My experience with the unpublished post made me realize I need to share more.  Not everything- I want to keep my darkest most vulnerable stuff to myself.  But I think if I explained some of the things I experience on a regular basis it would both inform others and help me feel less isolated.  So stay tuned.  I’m going to dedicate the next several posts to these topics.

Colliding Worlds

Sometimes my son’s disability and mine meet in a strange and gravely beautiful way.  I hear him vocalize and I think my sweet boy is gaining his voice while I am losing mine.  There is something poetic about it.  I know rationally that the two events have nothing to do with one another.  But I would gladly give him my voice, go silent forever so that he could speak.  Sometimes it feels like that’s what’s happening.  A precious exchange.  Perhaps that is just a notion my psyche has conjured to protect itself from the horrors that await me with this disease.  If I can fantasize some purpose to my loss, some meaning to it, it won’t frighten me so terribly.

I cannot pick my boy up anymore.  It’s been months now that I cannot lift him.  R does not use any functional speech but communicates in a secret body language with us.  He grabs our arms and places them around his hips, pulls and lifts on his toes in a silent but clear request to be picked up.  When he asks me to hold him I call my husband, and my husband lifts his weight while I hold him in my arms in a pantomime of how I would hold him before I got sick.  I have often wondered if he realizes I can’t lift him, or if he thinks we are just behaving strangely.

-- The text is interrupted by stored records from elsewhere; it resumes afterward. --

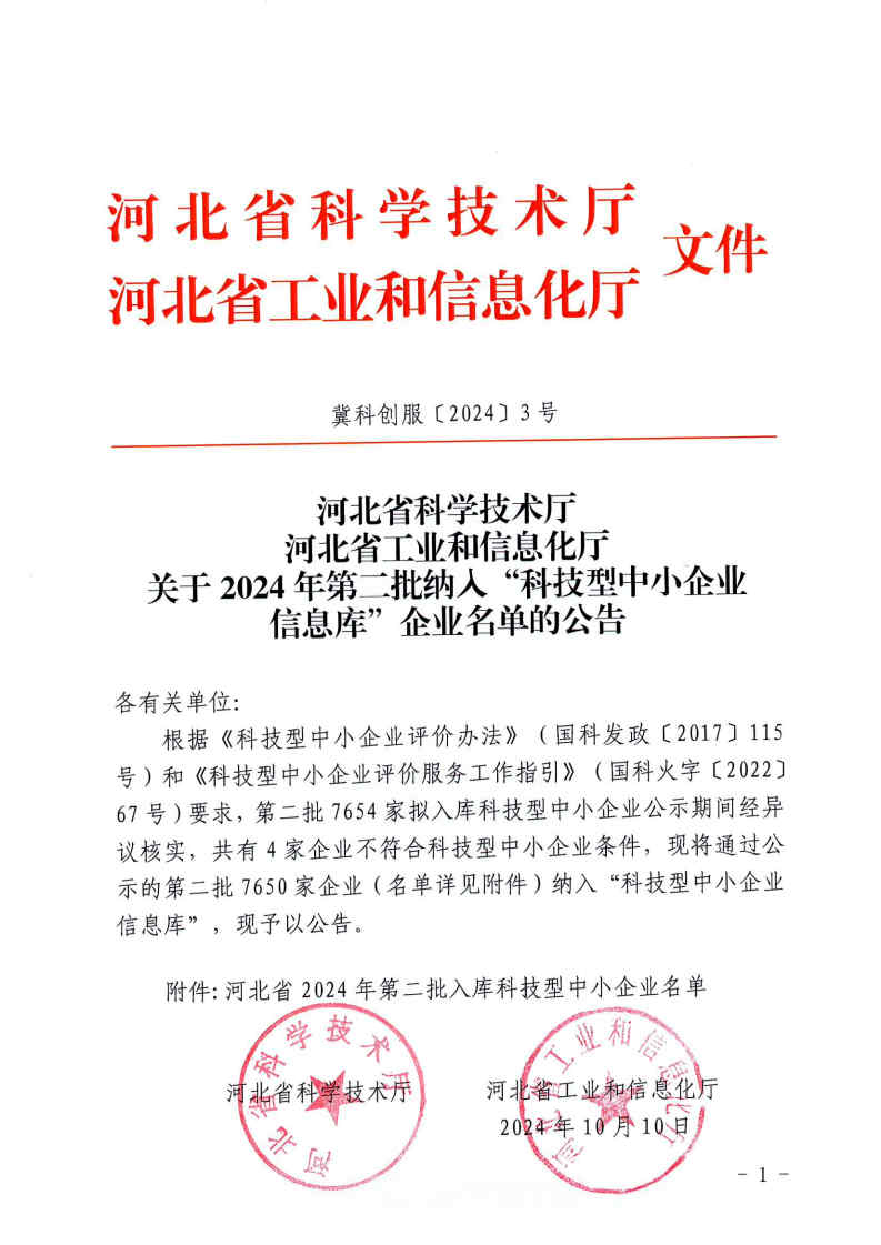 河北省2024年第2批入庫科技型中小企業名單公告正文.jpg PICTURE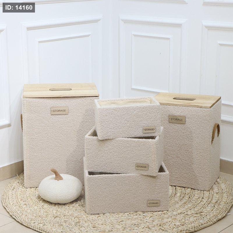 طقم/5 2 سلة غسيل بغطا +3 صندوق مستطيل خشب وجة فرو كابتشينو EL58/2 =ت.ش2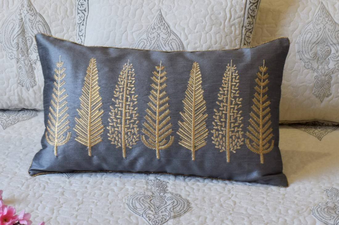 • Embroidered motifs of Baag-E-Bahaar trees with Thousands and Thousands of stitches of intricate Golden Metallic thread on Art Silk cushion covers. It features a Golden Piping trim along the edges.
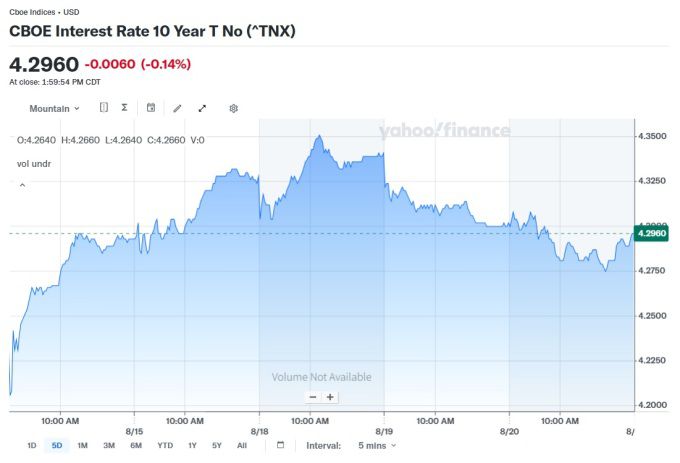[서울=뉴스핌] 고인원 기자= 미국 국채 금리가 20일(현지시간) 소폭 하락하며 안정을 찾았다. 투자자들은 이번 주 와이오밍주 잭슨홀 심포지엄에서 예정된 제롬 파월 미 연방준비제도(Fed) 의장의 발언을 주시하며 신중한 관망세를 이어갔다.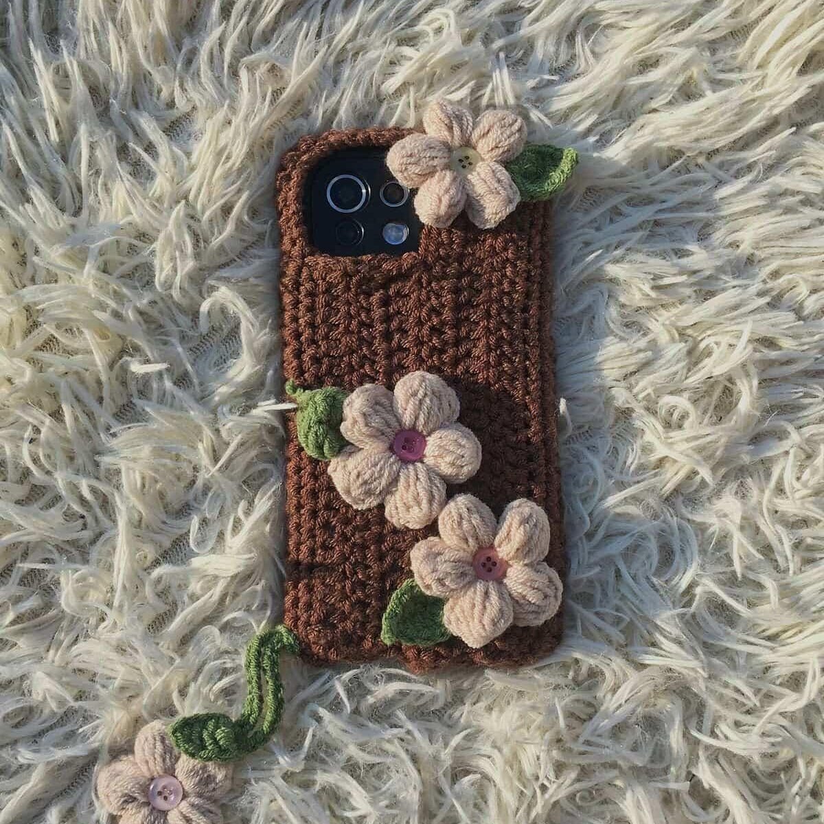 handmade crochet phone case with floral decoration

A few days ago I sat on the grass watching him play with his dad.  He suddenly ran to me, pulled me to my feet, and positioned me as if to say “don’t move.”  He then ran to his dad, hand led him to me, and then requested I lift him while placing his dad’s hand on himself from behind.  It was clear he did indeed understand that we needed dad’s help for me to hold him.  He effortlessly puppeteered us into position for me to pick him up with my husband lifting his weight.  We did, and he lay his head on my shoulder and melted into me.  The intensity of my emotions hit me like a ton of bricks.  I had forgotten how it felt to truly feel the weight of his form against me, his body soft and warm, the smell of his hair and skin.  We’ve done this before but never so absolutely.  This time he gave himself completely to our strange hug and it felt like before, like when I could truly stand and hold him in my arms.  He lifted his head from my shoulder and stared deeply into my eyes while clutching my shirt in his little fist.  This kind of eye contact is so rare and when I get it from him it feels like the most precious priceless gift.  Like the clouds have parted and we are bathed in warm angelic light for a few unearthly moments.

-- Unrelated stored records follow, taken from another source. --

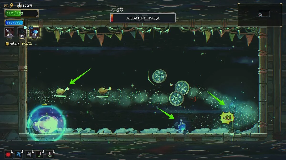 В следующей комнате вас ждёт битва с несколькими аквапреградами. Эти враги быстро перемещаются и обладают большим запасом здоровья, поэтому вовремя уворачивайтесь и используйте двойной прыжок. Обратите внимание, что справа и слева находятся факелы. Разбейте их, чтобы восстановить HP и ману.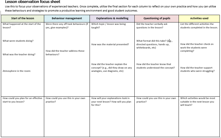 Utilising this framework along with a series of observation and reflection questions can support their progress (based on what they have seen an experienced teacher do, in a range of scenarios).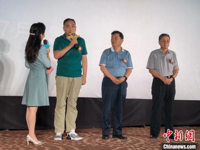 圖為總導演李曉、主演葛玉修,參與電影創(chuàng)作的廣電協會會長韓青峰接受采訪。祁增蓓 攝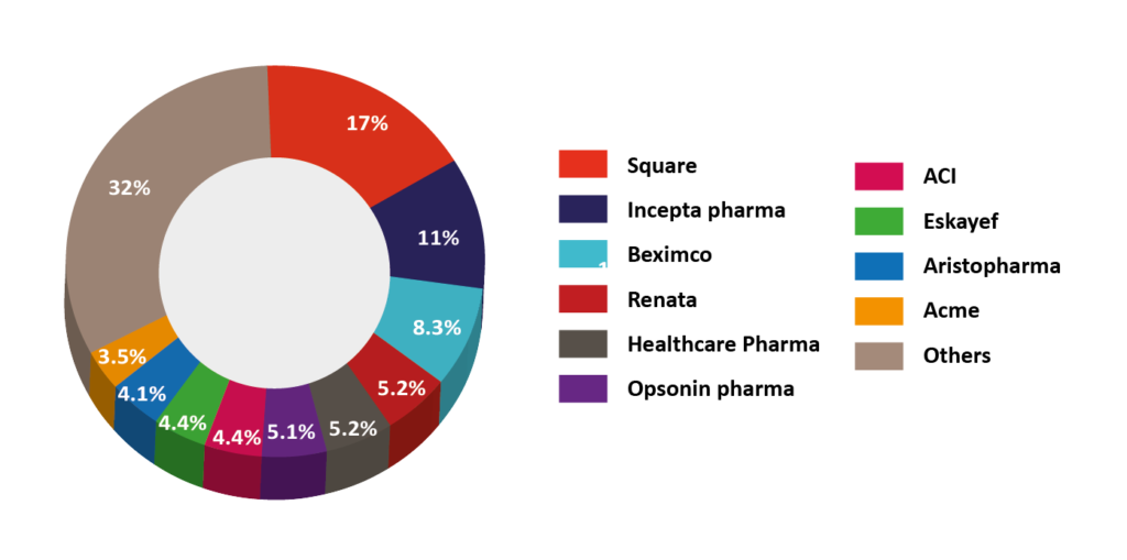 Square Pharmaceuticals Ltd – a flagship concern of Square Group – is the leading manufacturers. With a local market share of 17%, it has been exporting antibiotics and other pharmaceuticals to 42 countries since 1987. The company reported having a turnover of BDT 50.87 billion during the 2018-19 FY with an annual growth of 10.85%.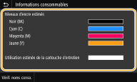 Vous pouvez vérifier la quantité d'encre restante estimée, l'espace utilisé estimé dans la cartouche d'entretien et l'utilisation de la tête d'impression au moyen de la procédure ci-dessous.

Sometimes I worry that R might lose interest in me as my disease progresses.  That if I can’t speak to him at all, if I can’t use my hands and arms to soothe and tickle and hug and hold him, that he will find he no longer needs me.  But moments like R’s request to be held soothe my fears.  I will always be his mother, and our bond can survive this, it can.

ALS: my story

I’ve been meaning to write about this for a while.  While this blog has focused on my Autistic child, at its core, it has been a tool for me to process my emotions about my son’s autism and my own parenting journey with him.  But my ALS diagnosis has eclipsed just about everything else in my life, autism journey included.  Lately I have been feeling the urge to write out my story, my feelings, my reflections, my fears.  So I am going to do it here and I guess this blog won’t just be about autism or about my son anymore.  Maybe it is better for it to evolve into something that captures more of me and my family than just the autism facet.  So here goes.

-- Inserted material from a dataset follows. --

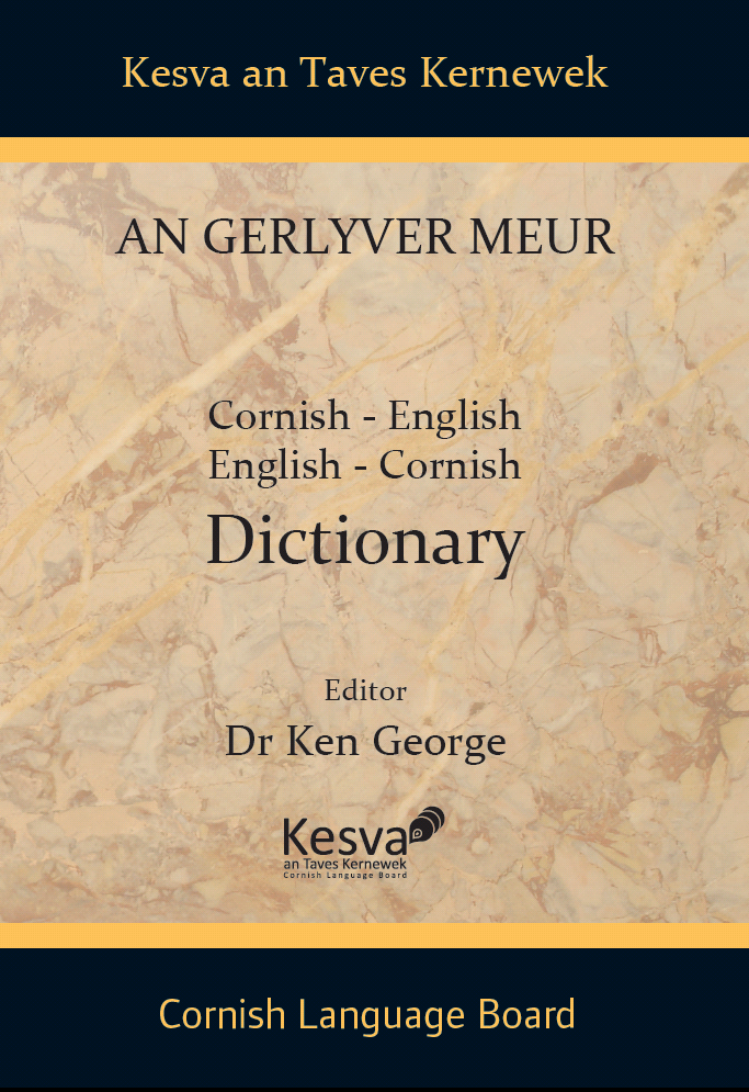 An Gerlyver Meur. Cornish-English ; English-Cornish Dictionary. Sous la direction du Dr Ken George. Édité par Tor Mark Press ; United Downs Industrial Estate ; St Day ; à Redruth ; Cornwall TR16 5HY.

Let me begin by saying I did not have ALS remotely on my radar until January 23rd, 2017.  I was given my first diagnosis of Motor Neuron Disease (which is the family of diseases ALS belongs to) on March 3rd, just five weeks later.  Three weeks after that I received my official ALS diagnosis.  So I went from having no clue about ALS to being diagnosed with it in a matter of weeks.  But the first signs of the disease,  though I didn’t recognize them as such, began over a year prior.  My best estimate as to the start of the first symptoms is 15 months prior to diagnosis, around December 2015.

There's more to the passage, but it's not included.